Decision Date31 October 1961
Docket NumberVAL-LO-WILL
Citation111 N.W.2d 500,14 Wis.2d 616
PartiesJoetta MEYER et al., Appellants, v.FARMS, INC., d/b/u the name and style of Majestic Hills, Respondents.
CourtWisconsin Supreme Court

Mittelstaed, Sheldon, Heide & Hartley, Kenosha, for appellants.

Moran & Richardson, Delavan, for respondents.

FAIRCHILD, Justice.

Plaintiffs base their plea for reversal on three propositions: (1) Mrs. Meyer was guilty of no more than assumption of risk, which is not a defense to a cause of action for violation of the safe-place statute; (2) The court should have submitted a question inquiring whether defendant was negligent with respect to maintenance of adequate lighting; (3) The court erred in submitting a question inquiring whether Mr. Meyer was negligent was respect to management of the toboggan on the last run.

1. Did Mrs. Meyer's conduct constitute no more than assumption of risk? The jury found that Mrs. Meyer was negligent in continuing to use the toboggan run after its dangers became apparent to her. She contends that her conduct constituted assumption of risk, not contributory negligence. Counsel cites a number of decisions, several of them dating from the period when contributory negligence was a complete defense. In Puza v. C. Hennecke Co., 1 this court held:

'* * * an intended and continued use of a known defective appliance or a known unsafe place by the employee in substantially the same way as the employer instructed or intended it should be used falls under the definition of assumption of risk as expressed in this statute and is not to be considered contributory negligence.'

In that case the court held that the use of an unsafe ladder by the plaintiff employee constituted assumption of risk and not contributory negligence, although there was a jury question whether he was negligent in placing the ladder in a particular spot where the ground was soft.

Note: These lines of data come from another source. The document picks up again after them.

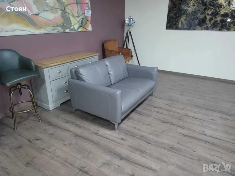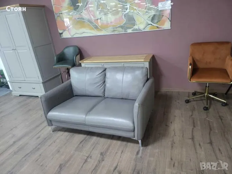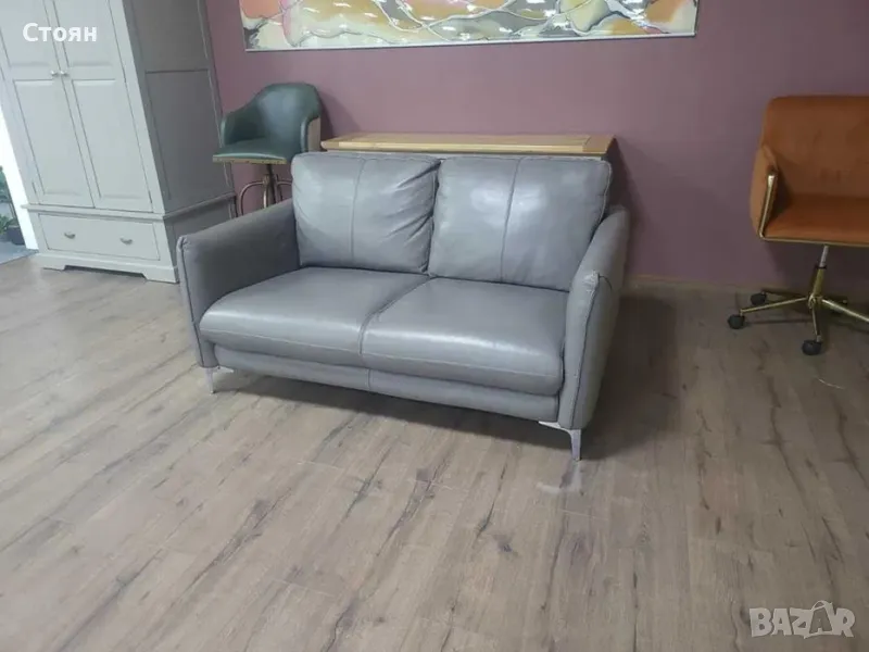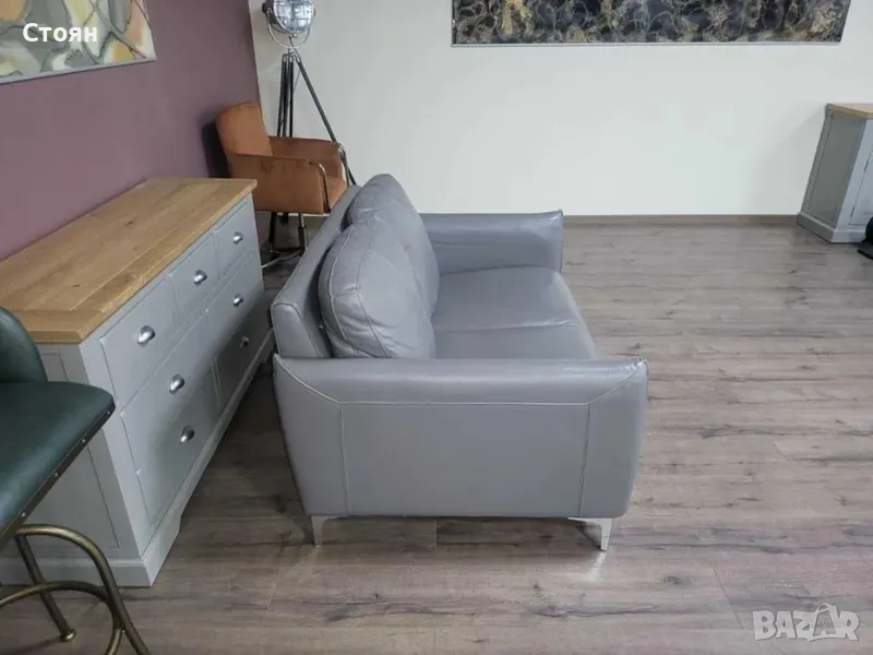 ПРОМОЦИЯ!!! Дизайнерски сив кожен диван двойка → Обява 46889449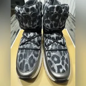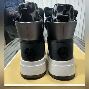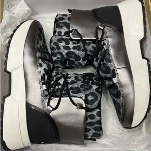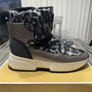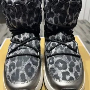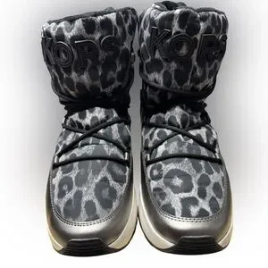 The MICHAEL KORS Cassia Bootie is a stylish, sporty-luxe ankle boot combining cheetah-print nylon with mirror-metallic leather inserts. Designed for winter comfort, these slip-on boots feature a cozy lining and a thick, gripped rubber sole for traction.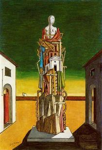 喬治.德.基里訶實踐「形而上」哲學,創立形而上畫派。他曾 說:「形而上的藝術,表面上十分寧靜,但給人的感覺卻像是在寧靜 中會有什麼事情要發生。」對他來說,可見的事物為「形」,只有透 過敏銳觀察才能感知「形上」,經由藝術的探詢,才能發現事物的內 在深度。 本次挑選的七件作品有個共通點:明亮鮮豔的景色中,物體 銳利的框線和色塊的對比,割傷了和諧與寧靜,令人總感覺有什麼在 蠢蠢欲動。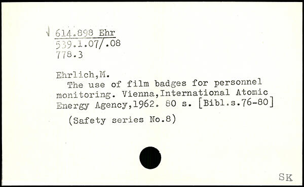 The use of film badges for personnel monitoring. Vienna,International Atomic Energy Agency,19&2.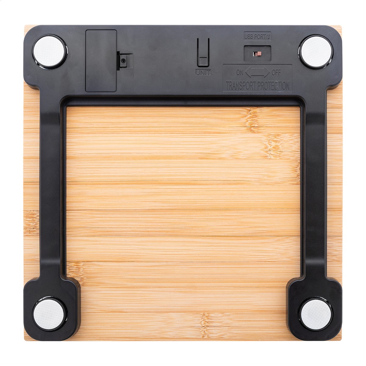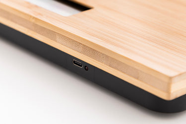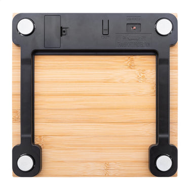 Digitální koupelnová váha s bambusovou vážicí plošinou. Vážení: 150 kg, stupnice 0,1 kg, měrné jednotky: kg/lb/st. S vestavěnou dobíjecí baterií. Včetně USB nabíjecího kabelu.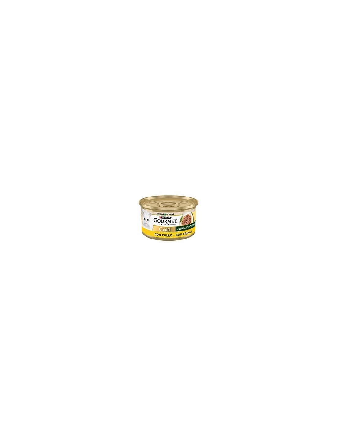 PURINA® GOURMET® Gold Delicias Suculentas en lata de 85g. Comida húmeda para gato con Pescado del Océano. Refinados cortes jugosos y suculentos.
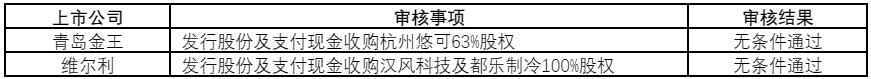 三,一周并购重组审核结果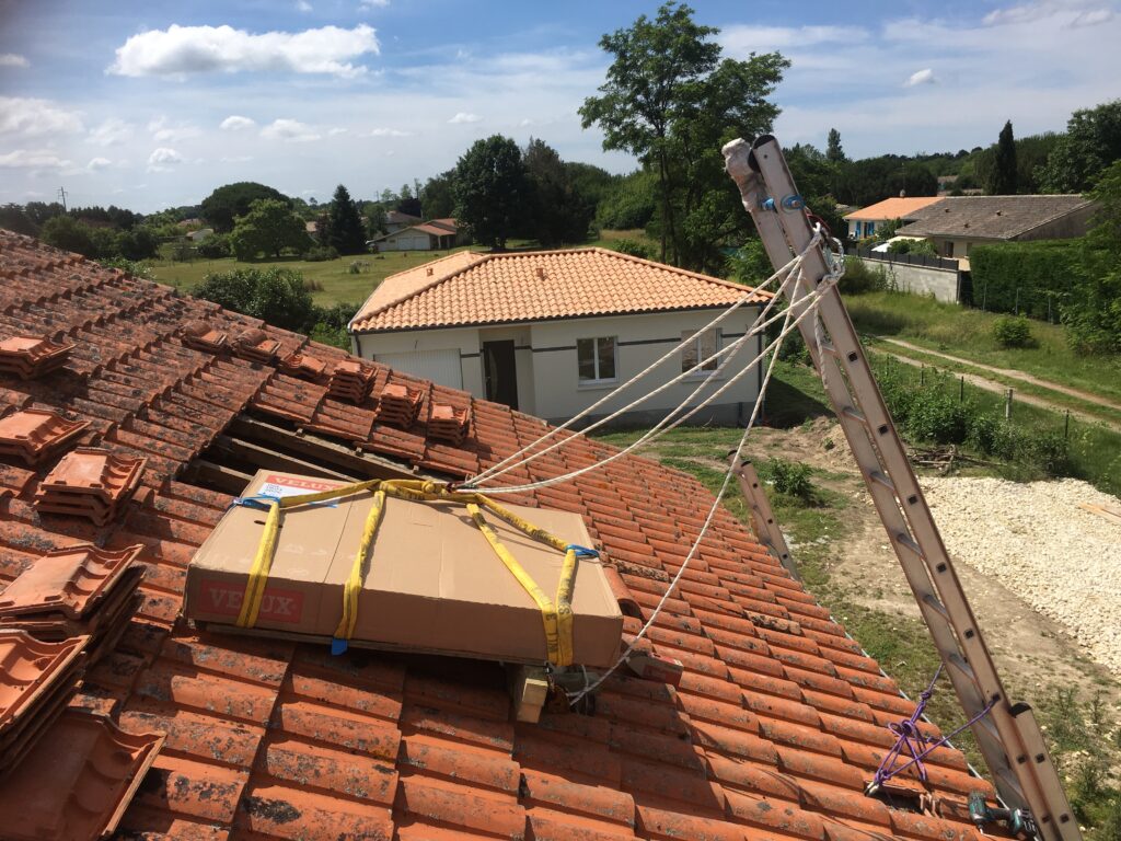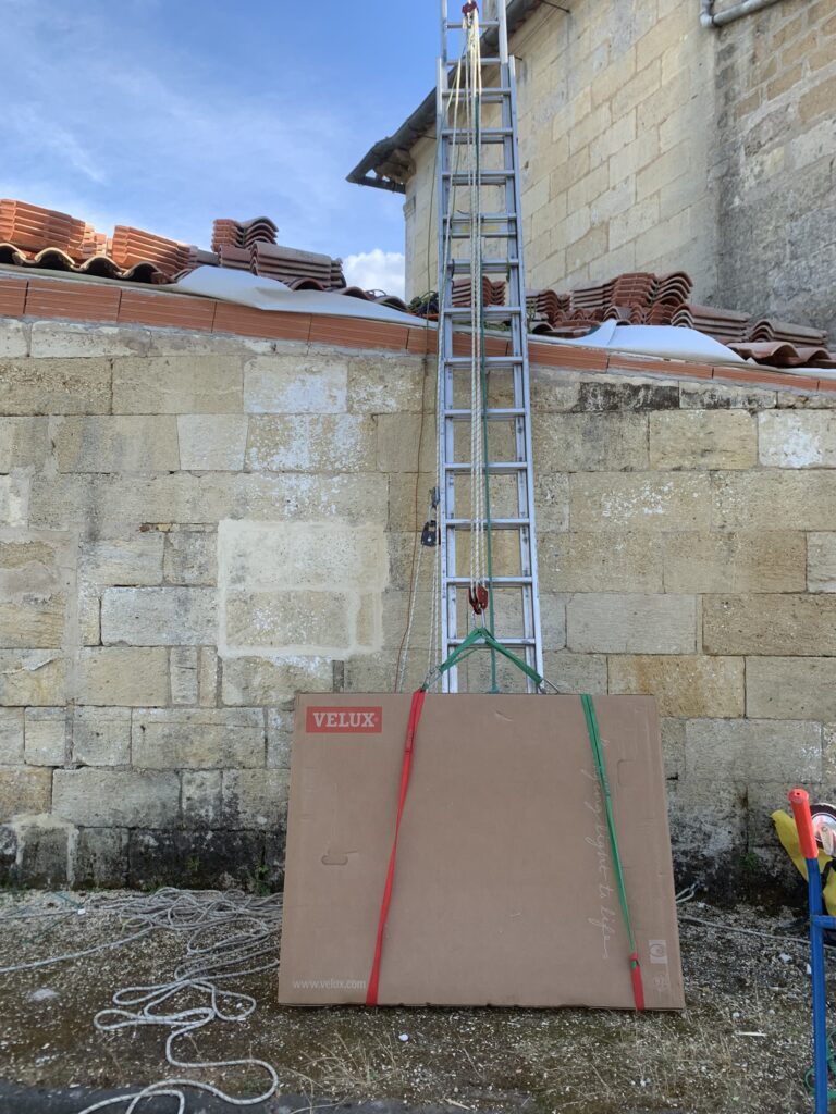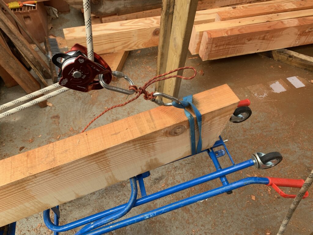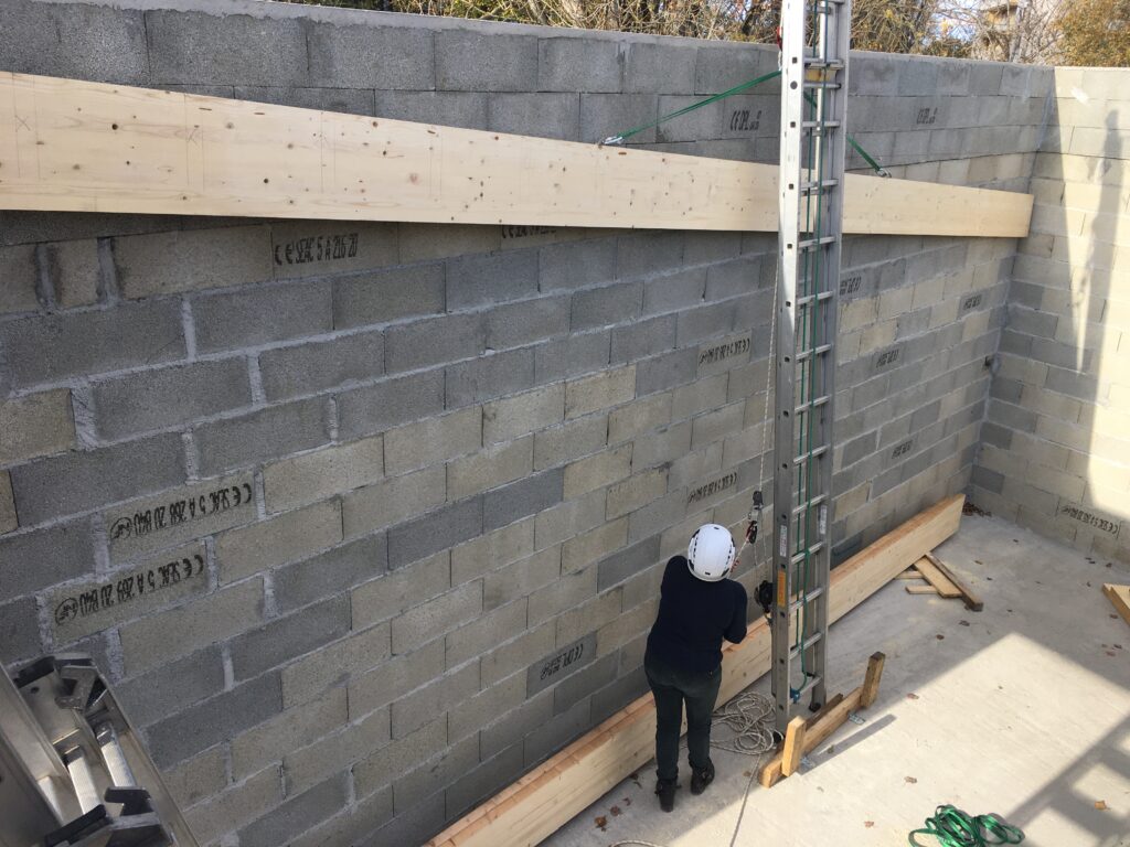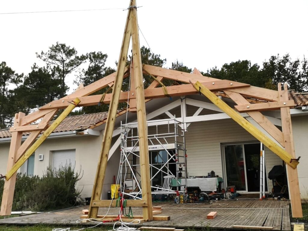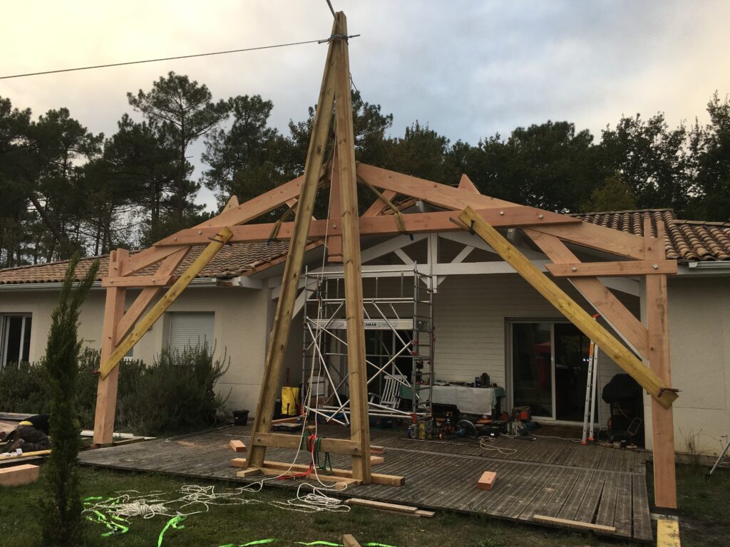 Pour faciliter la mise en place de structures de charpente plus lourdes, nous utilisons une technique de levage à la corde qui consiste à utiliser des mouflages équipés de poulies. Cette technique permet de démultiplier les efforts et de faciliter le levage de structures de charpente, tout en garantissant une grande précision dans la pose et sans l’utilisation d’engins de levage.

In Kelenic v. Berndt, 2 plaintiff was a tenant in a building where the rules of the industrial commission required that stairways be lighted. Plaintiff's use of an unlighted stairway was held to be assumption of risk, not contributory negligence. In Washburn v. Skogg, 3 this court held that the mandatory requirements of the safe-place statute abrogated any defense of assumption of risk by a frequenter. There the plaintiff was a salesman on the premises of a customer. He was injured on a stairway where defendant failed to provide a hand rail as required. The jury had absolved plaintiff from contributory negligence, and the court held that this was properly a jury question. In Sweitzer v. Fox, 4 the plaintiff was an employee of a customer of defendants, who manufactured ice. He was injured as a result of an accumulation of ice on the floor. The jury found that defendants violated the safe-place statute. Plaintiff's knowledge of the slippery condition of the floor was held to be no defense because assumption of risk was not a defense. The jury absolved plaintiff of contributory negligence, and this court held that this was properly a jury question. In Mennetti v. West Side Businessmen's Ass'n, 5 plaintiff was an acrobat who performed for defendant either as an employee or independent contractor. He was injured when a platform gave way. Plaintiff had found the platform to be weak, and although it was strengthened before he used it, plaintiff testified that it was still not satisfactory. The trial court had ruled that under the evidence, a claim that plaintiff was negligent was no more than a claim of assumption of risk. This court affirmed.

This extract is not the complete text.